A short refinance is a way to keep a property from going into foreclosure if the homeowner falls behind on their mortgage payments. The lender will offer a short refinance to a borrower because it is more cost-effective for the lender than going through the foreclosure process.
Short refinancing is a much more favorable option if you do have the means to pay a mortgage, but not enough to afford your current one. In a short refinance, the lender pays off your existing mortgage and offers you a new loan with a lower balance than your former mortgage balance so you can avoid foreclosure on your property.
What Does a Short Refinance Do for a Homeowner?
A short refinance will allow the homeowner to stay on their property instead of being evicted, as they would if the property went into foreclosure. A short refinance will lower your credit score because you aren’t paying the full amount that you were on your original mortgage. However, it will not hurt your credit as much as a foreclosure or short sale would.

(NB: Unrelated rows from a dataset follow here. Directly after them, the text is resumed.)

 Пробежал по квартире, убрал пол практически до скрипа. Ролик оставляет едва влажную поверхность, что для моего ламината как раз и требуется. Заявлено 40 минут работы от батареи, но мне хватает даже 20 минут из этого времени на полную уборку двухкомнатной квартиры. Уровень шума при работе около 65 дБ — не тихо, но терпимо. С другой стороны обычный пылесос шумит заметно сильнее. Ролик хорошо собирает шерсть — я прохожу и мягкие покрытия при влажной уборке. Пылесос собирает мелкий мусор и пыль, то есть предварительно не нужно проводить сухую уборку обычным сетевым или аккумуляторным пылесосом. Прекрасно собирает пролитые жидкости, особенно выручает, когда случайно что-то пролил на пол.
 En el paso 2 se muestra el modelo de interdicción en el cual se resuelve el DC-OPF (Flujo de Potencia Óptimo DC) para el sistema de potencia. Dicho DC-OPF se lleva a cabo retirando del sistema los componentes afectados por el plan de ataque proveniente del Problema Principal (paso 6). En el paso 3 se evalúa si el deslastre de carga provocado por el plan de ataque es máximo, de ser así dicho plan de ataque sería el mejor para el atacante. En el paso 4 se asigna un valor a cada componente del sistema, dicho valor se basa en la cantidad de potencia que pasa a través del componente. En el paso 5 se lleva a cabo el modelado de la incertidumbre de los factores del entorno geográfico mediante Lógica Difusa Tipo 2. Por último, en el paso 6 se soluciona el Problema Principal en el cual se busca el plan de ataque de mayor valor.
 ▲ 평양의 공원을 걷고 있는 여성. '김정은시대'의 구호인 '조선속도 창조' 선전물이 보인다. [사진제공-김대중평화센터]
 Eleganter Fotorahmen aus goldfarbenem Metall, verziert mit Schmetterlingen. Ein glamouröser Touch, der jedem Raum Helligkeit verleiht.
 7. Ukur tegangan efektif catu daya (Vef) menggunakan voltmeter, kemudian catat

A short refinance has several significant advantages. It will allow you to
- Keep your house
- Reduce your total mortgage payment
- Lower Your Monthly Mortgage Payments
Will A Lender Offer You a Short Refinance?
The decision of a lender to offer you a short refinance will depend on the individual lender. Most lenders won’t offer a short refinance unless they know you will default otherwise. They will weigh out whether it will be less of a loss for them to grant you a short refinance than it would be to go through foreclosure proceedings.

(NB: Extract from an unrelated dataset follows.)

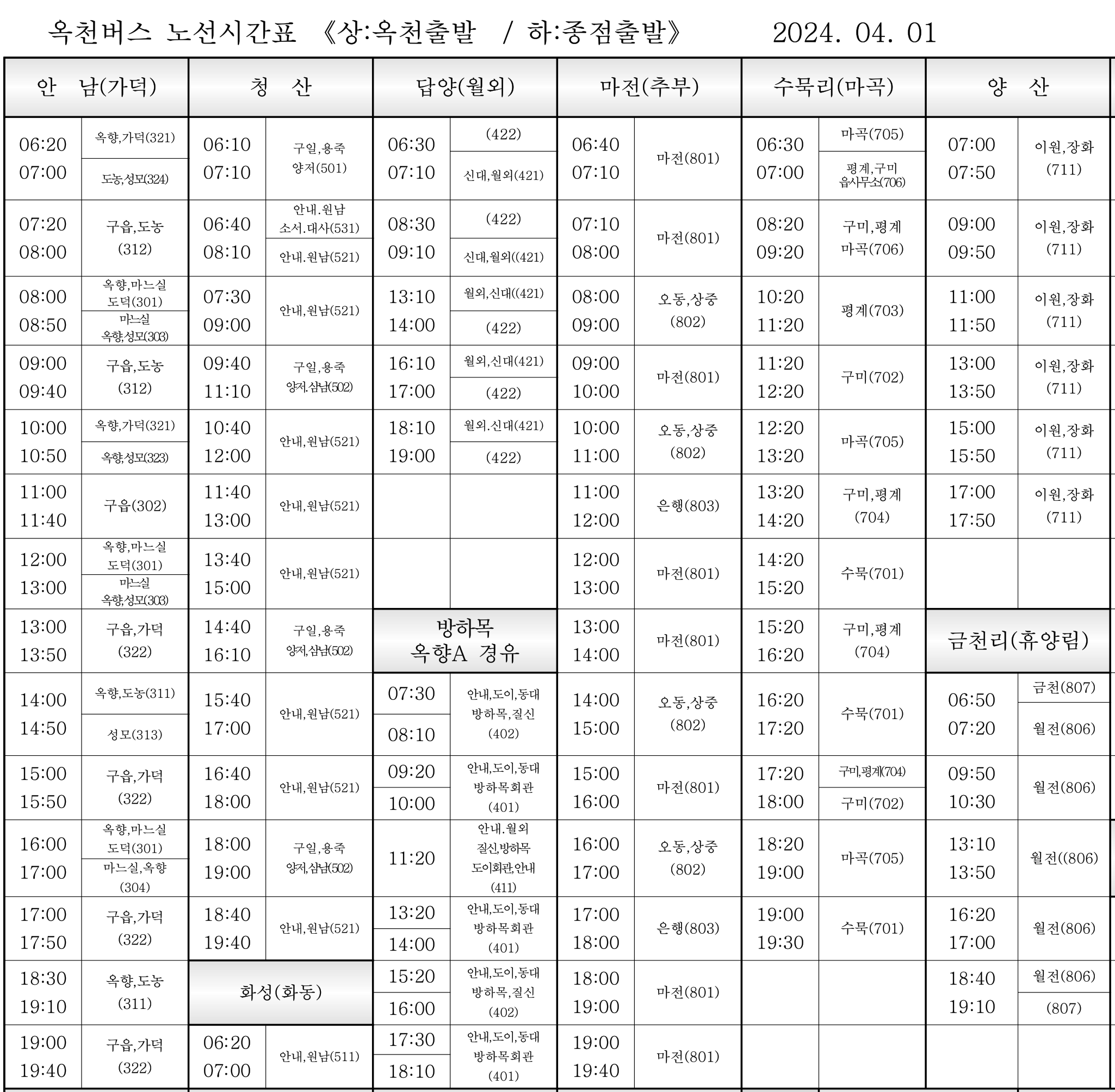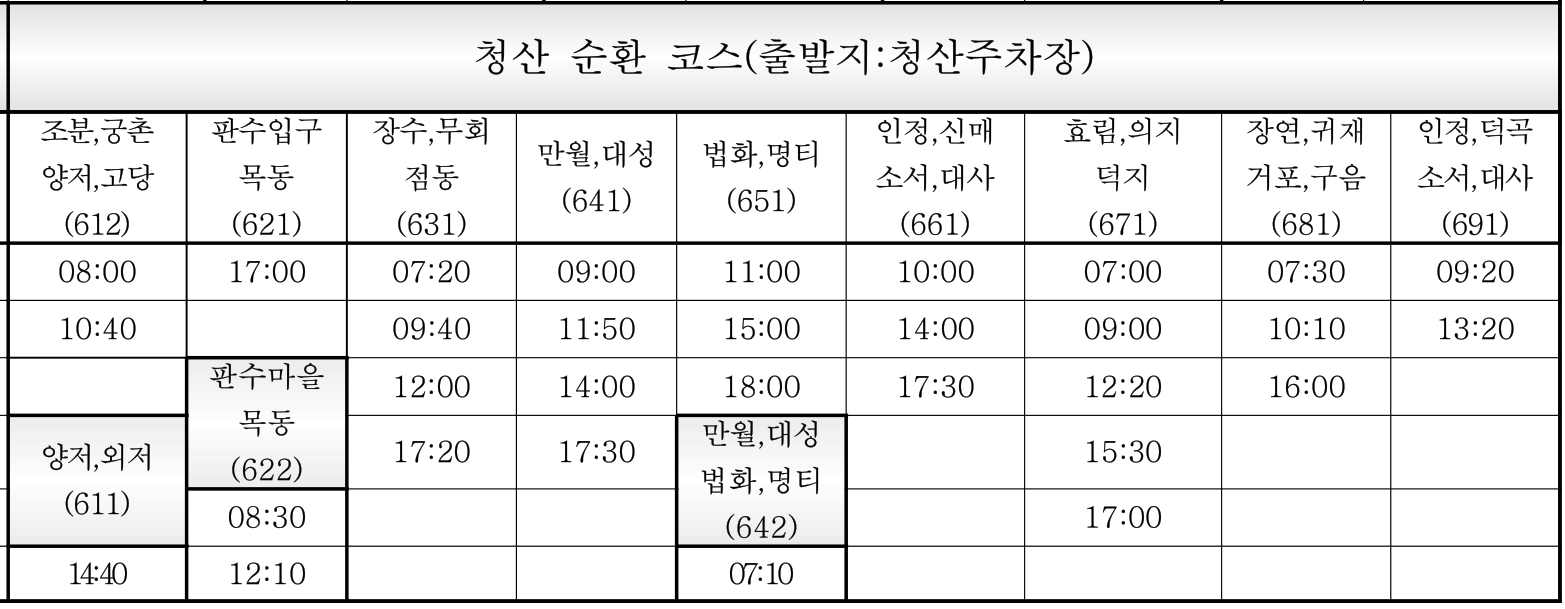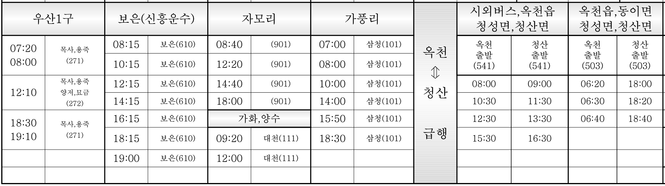 옥천군청 군내 버스 시간표 - 옥천군청 자료

What Do You Need to Know About a Short Refinance?
A short refinance process can take several months to go through, so if you are struggling to make your mortgage payments and are worried about defaulting on your mortgage, you should take action right away, so you have time to go through it.
When you are looking for a short refinance, make sure you ask your lender what documentation you need for them to consider granting you a short refinance. Having the proper documentation ready before you even begin the process will help make the process go smoother and hopefully faster.

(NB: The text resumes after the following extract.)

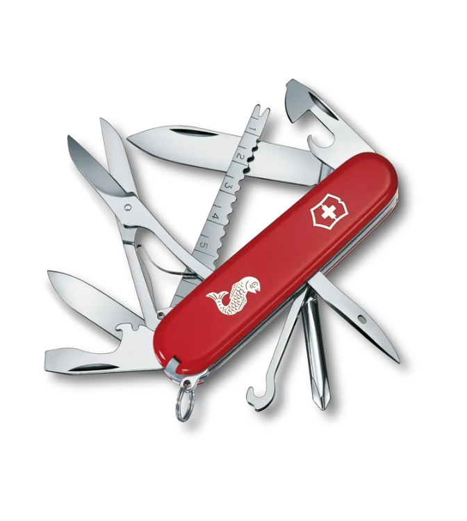 Quando senti pronunciare le parole Swiss Army Knife, è probabile che il tuo pensiero vada al leggendario Coltello per ufficiali. La leggenda continua con il multiuso Fisherman. È stato progettato e realizzato su misura per le necessità di un pescatore, quindi è naturale che includa uno squama pesci e uno slamatore. Tienilo nella tua scatola degli attrezzi e sarai sempre pronto per la prossima grande preda.

When your lender agrees to a short payoff, they accept less than the homeowner’s mortgage loan amount to satisfy the loan, and you will not have to pay the difference. They will do this to avoid having to pay foreclosure fees and maintenance fees on the property that would otherwise go into foreclosure. They also might agree if the amount of the loan is worth more than the value of the property.
What Are the Differences Between a Short Sale and a Short Refinance?
When you make a short sale, you have to sell your property with a short refinance you can keep your property. While both short sales and short refinances will result in the lender taking less than the full mortgage amount as payment in full, a short sale gets paid through the proceeds from the sale of the house. In contrast, the lender receives a short refinance payment through the homeowner.
A lender would consider a refi after short sale if the homeowner had no assets to pay off the debt. However, they might consider a short refinance if the homeowner did have assets and had demonstrated an ability to pay off their debt.
What Is the Difference Between a Short Refinance and a Mortgage Forbearance?
Both a short refinance or a mortgage forbearance may prevent you from losing your home. The main difference is that a mortgage forbearance is a temporary solution, while a short refinance will be a more permanent solution.
Mortgage forbearance is an agreement made between the homeowner and the lender that allows the homeowner to either pay a lower mortgage payment or pause payments altogether for an agreed-upon time for the homeowner to catch up on their payments. With a mortgage forbearance, the homeowner would have to pay back the payments they missed or the balance they are short over time.
A short refinance, however, will lower your balance and monthly payments permanently. You don’t need to catch up on payments because the investor is giving you a lower payment and takes a lower mortgage balance.
What If a Lender Won’t Offer You a Short Refinance?
If a lender doesn’t offer you a short refinance, ask what options they do have available for you. You also may be able to take advantage of Federal Relief Funds outside of what your lender is offering. However, your lender is most likely only going to use foreclosure as an absolute last resort. If they see you are making a conscious effort to pay your debt off, they will probably be willing to work with you.